I have just reminded Nukes to let welshman have some money for the drinky poos and nibbles :lol: so we should be ok Kafriz :lol:

Jacquie


----------



## oilslick (Oct 3, 2007)

*We will come!!!*

Hi,

We are Grant and Andrea, we tend to base ourselves in the Glos area. We will come along on the Friday/Sat nights.

We have an Autotrail Motorhome

I phoned the pub to book but he said just join the rally...

See you Friday

Grant and Andrea


----------



## LadyJ (May 9, 2005)

Hi Oilslick Grant & Andrea

Great look forward to meeting you there could you add yourself to the meets list please and I will let Mal know to expect another motorhome :lol: now that evens it up a bit.

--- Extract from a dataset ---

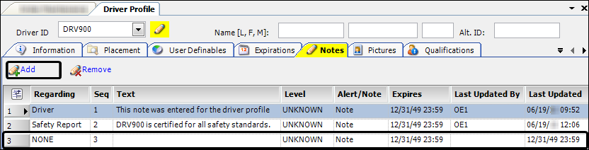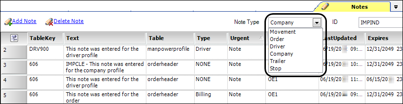 A profile is a record that contains details about an entity such as a specific company, driver, tractor, trailer, carrier, or commodity. You can add, change, or delete a note on the Notes tab in profile windows. In the Trip Settlements Folder and the Edit Invoice Folder, you will see profile notes automatically when you look up a trip to which the commodity, company, or resource is assigned. Therefore, changes to profile notes affect trips, as well as the profiles themselves.

Anymore like to join us at the Red Lion this weekend.



Jacquie


PS I have added you to the meets list.


----------



## oilslick (Oct 3, 2007)

OK! thank you, see you Friday

Grant n Andrea


----------



## LadyJ (May 9, 2005)

Anymore coming to join us at The Red Lion this weekend? now we do have a celebrity joining us :lol: 



Jacquie


----------



## LadyJ (May 9, 2005)

We are just heading off now to the Red Lion if any more would like to join us there I think it would be ok to just turn up I don't think the site is fully booked for the weekend.




Jacquie


----------



## LadyJ (May 9, 2005)

Well you all missed a smashing weekend at the Red Lion Mal and Elaine really did us proud with tea on arrival and wine and cheese and even a free raffle, brilliant guys thanks for a loverly weekend, we even had some sun on Friday  

Was nice to meet Kafriz and Oilslick hope to see you guys at another meet or rally soon.

I will put some piccys in the album when we get home as my internet connection is lousy at the moment.


Jacquie


----------



## oilslick (Oct 3, 2007)

*Thank you*

Yes, thank you Elaine and Mal, it was a nice weekend. AND thank you for helping us out of the mud!

It was also nice to met the rest of you all, I am sure we will met again

Grant and Andrea


----------